A myślisz, że na studiach nie będziesz musiał czytać idiotycznych książek, z którymi się nie zgadzasz? Słuchać idiotycznych wykładowców którzy gówno wiedzą? Psychologia jest bardzo obszerna i wymaga naprawdę wielu godzin intensywnej nauki - dlatego ja nie poszłam na spychologię jestem leniwą bułą heheh
Wściekanie się i obarczanie winą nauczycieli jest właśnie niedojrzałe i widać nie w tym tkwi problem.
Masz uczucie niesprawiedliwości i niezrozumienia bo świat nie jest taki jaki powinien wg. Ciebie być. I wiesz co? Nie będzie.
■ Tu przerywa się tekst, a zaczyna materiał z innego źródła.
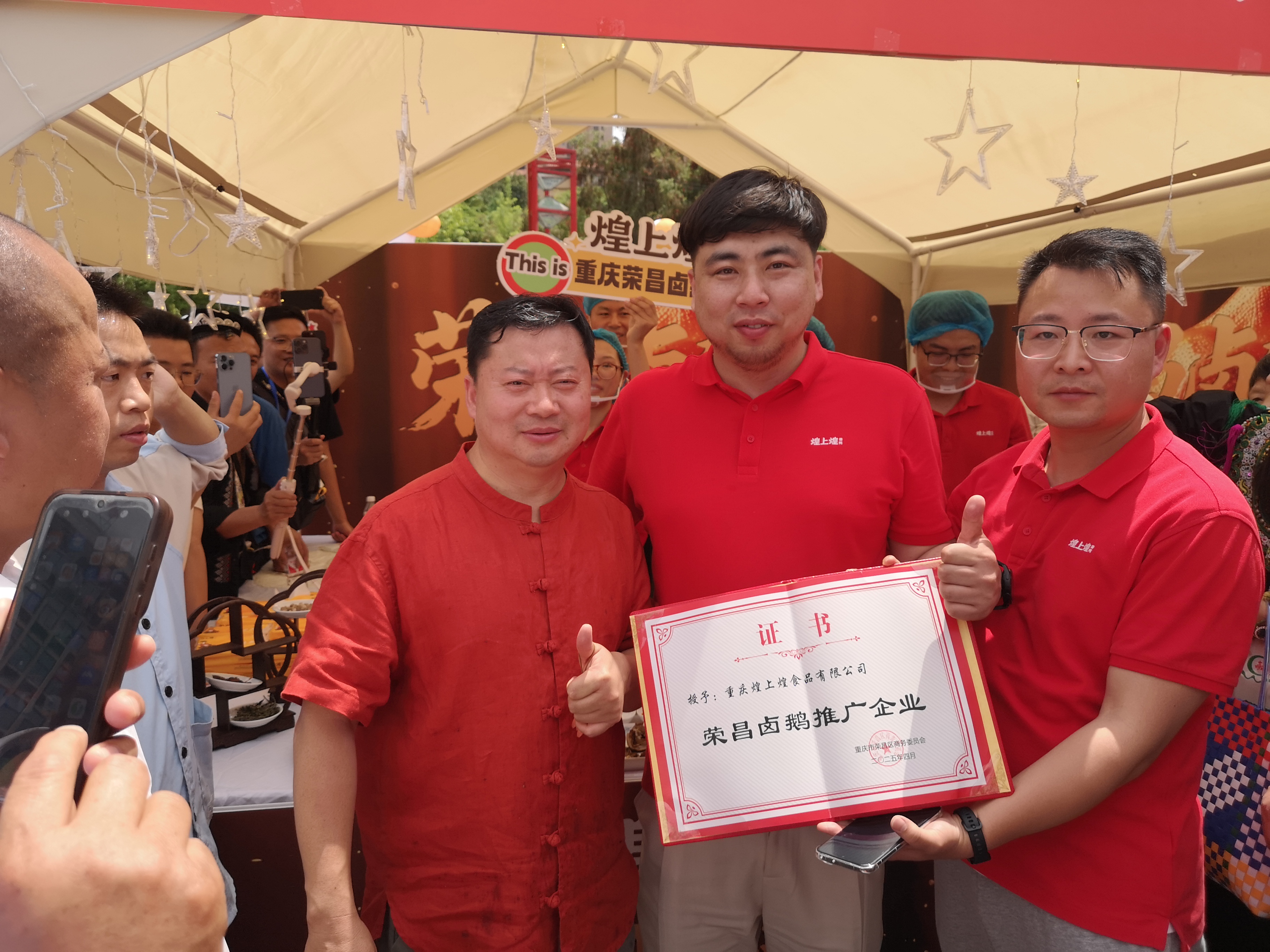 4月30日,千年榮昌·2025年榮昌鹵鵝非遺美食消費(fèi)季系列活動在重慶榮昌區(qū)人民廣場開幕。煌上煌憑借強(qiáng)大的銷售網(wǎng)絡(luò)、完備的生產(chǎn)線以及推廣鹵鵝產(chǎn)業(yè)發(fā)展的使命感,被榮昌政府授予“榮昌鹵鵝推廣企業(yè)”榮譽(yù)。
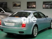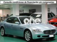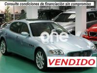 MASERATI Quattroporte, Gasolina, año 2005, 69000 kilómetros, color Azul , precio 29900€. "Comfort pack" Asientos Delanteros,"Comfort Pack" Asientos Traseros,Asientos Delanteros Calefactados,Asientos Traseros Calefactados,Detalles en Madera: Caoba,Cargador de CD (Blaupunkt, 5 discos),Kit Telefono GSM,Retrovisores int/ext fotosensibles,Techo Solar,Pinura Metalizada,Pintura Bajo Muestra,Rueda de Repuesto (Tamaño Reducido),Sensores de Aparcamiento Tras y Del,Sensores de Aparcamiento Traseros. """MASERATI QUATTROPORTE 400C.V AUTOMÁTICO""" VEHÍCULO NACIONAL, TODAS LAS REVISIONES AL DÍA EN CONCESIONARIO OFICIAL MASERATI SANTOGAL CON LIBRO DE MANTENIMIENTO QUE LO ACREDITA, UN SOLO PROPIETARIO, NO FUMADOR, NO PRESENTA EL MAS MÍNIMO ROCE INTERIOR O EXTERIOR ESTADO IGUAL A NUEVO, COCHE DE REPRESENTACIÓN DE EMPRESA USADO CON CHOFER, CERTIFICADO DE NO HABER SUFRIDO GOLPE. Equipamiento: Pintura especial fuera de carta, Llantas 20 Pulgadas, Sensores de Aparcamiento, Techo Solar de Cristal, Paquete de Aluminio Exterior, Sistema de Navegación, Teléfono integrado Bluetooth, Asientos Especiales con Costuras en Azul, Volante en Piel Azul, Cargador de Cd, Control de velocidad, Volante Multifunción, Levas cambio F1, Asientos calefactados Delanteros y traseros, Asientos Traseros Eléctricos, Sistema de Sonido BOSE-SOUND-SYSTEM, Madera Interior, Espejos Plegables Electricamente, Espejos fotosensibles, Etc, Etc, Etc... ÚNICO EN ESPAÑA.......TRANSFERENCIA INCLUIDA.... Gracias por su Confianza. .
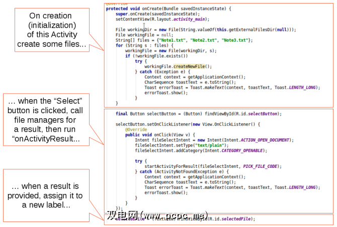 一个将创建一个文件来存储文本(如果不存在),或者读取其内容。几行代码将创建 EditTextBox 并将文本加载到其中。最后,更多的代码将创建Button及其onClickListener(它将文本保存到文件中,然后关闭Activity)。
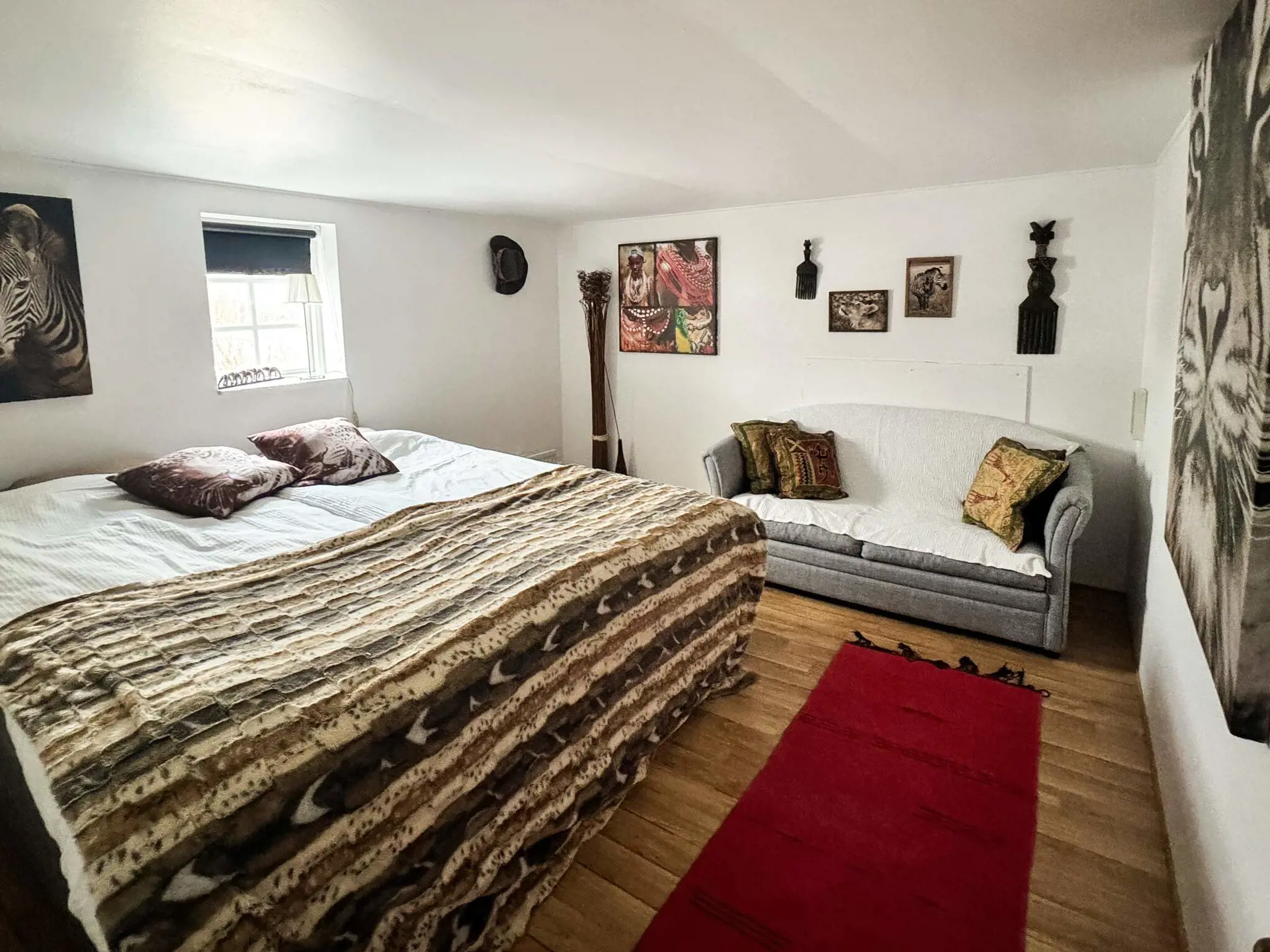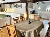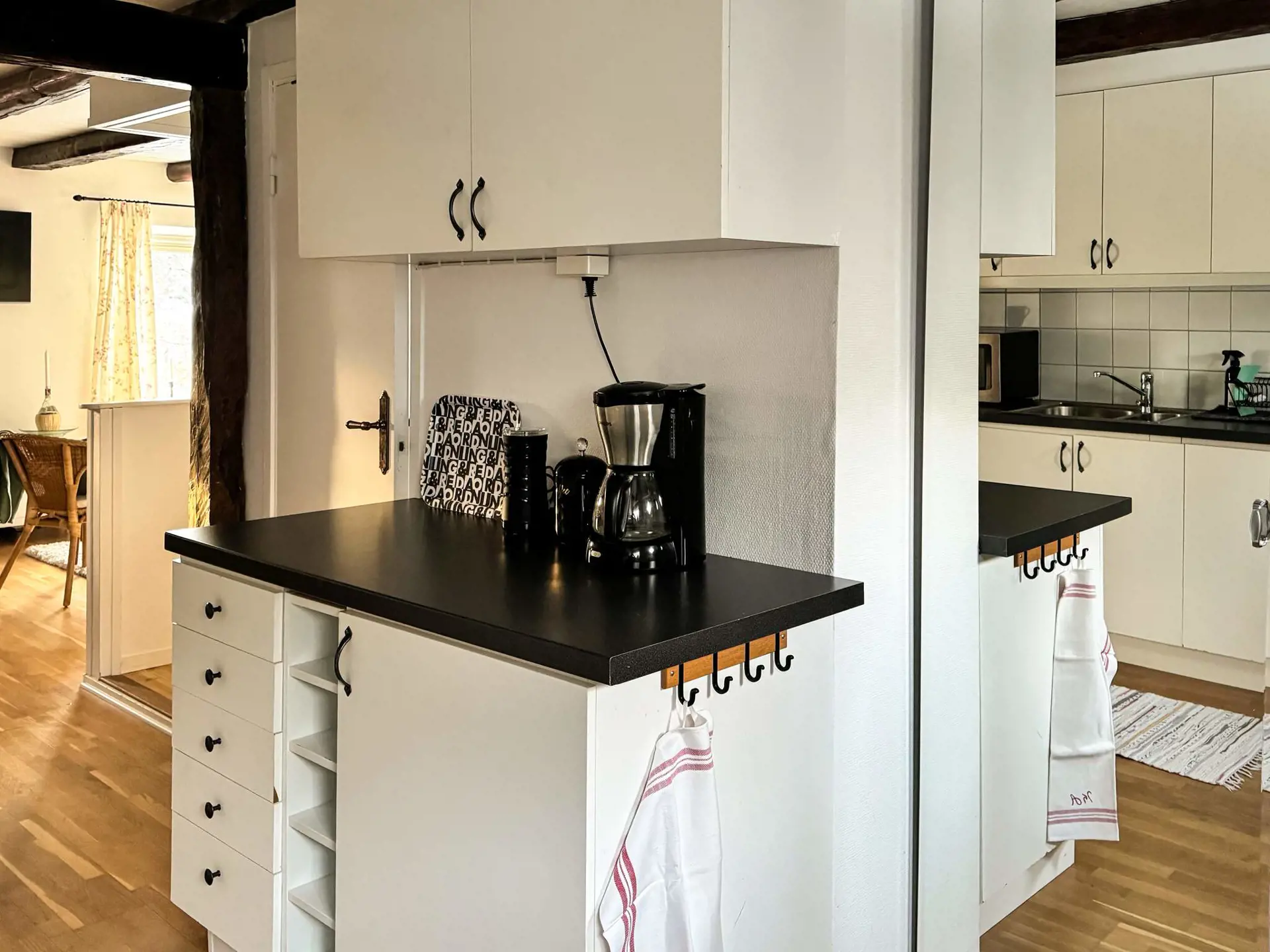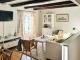 Hier wohnen Sie in einer gemütlichen Wohnung, die sich in einer umgebauten Scheune auf einem ländlichen Grundstück mit schöner Umgebung befindet. Innen werden Sie von einer voll ausgestatteten Küche direkt hinter der Tür und einem praktischen Platz zum Aufhängen im Flur empfangen. Im Erdgeschoss gibt es außerdem ein Schlafzimmer mit Doppelbett und ein Familienzimmer mit Küchensofa und Esstisch für sieben Personen sowie eine bequeme Sitzgruppe vor dem Smart-TV. Badezimmer mit Dusche, Waschbecken und Toilette.

To nie kwestia Polski,ustroju czy ludzi którzy tu są - to kwestia tego, że świat nie jest sprawiedliwy czy logiczny bez względu na to w jakim jesteś wieku. Dużo rzeczy będzie bez sensu...
Uciekanie przed tym nic nie pomoże. Zmiana szkoły? tam będą też durni nauczyciele...
Zmiana klasy? Co to zmieni?
Trzeba się z tym mierzyć ale na swoje siły na tyle ile możemy a nie chcą od nas inni. Trzeba mierzyć siły na zamiary.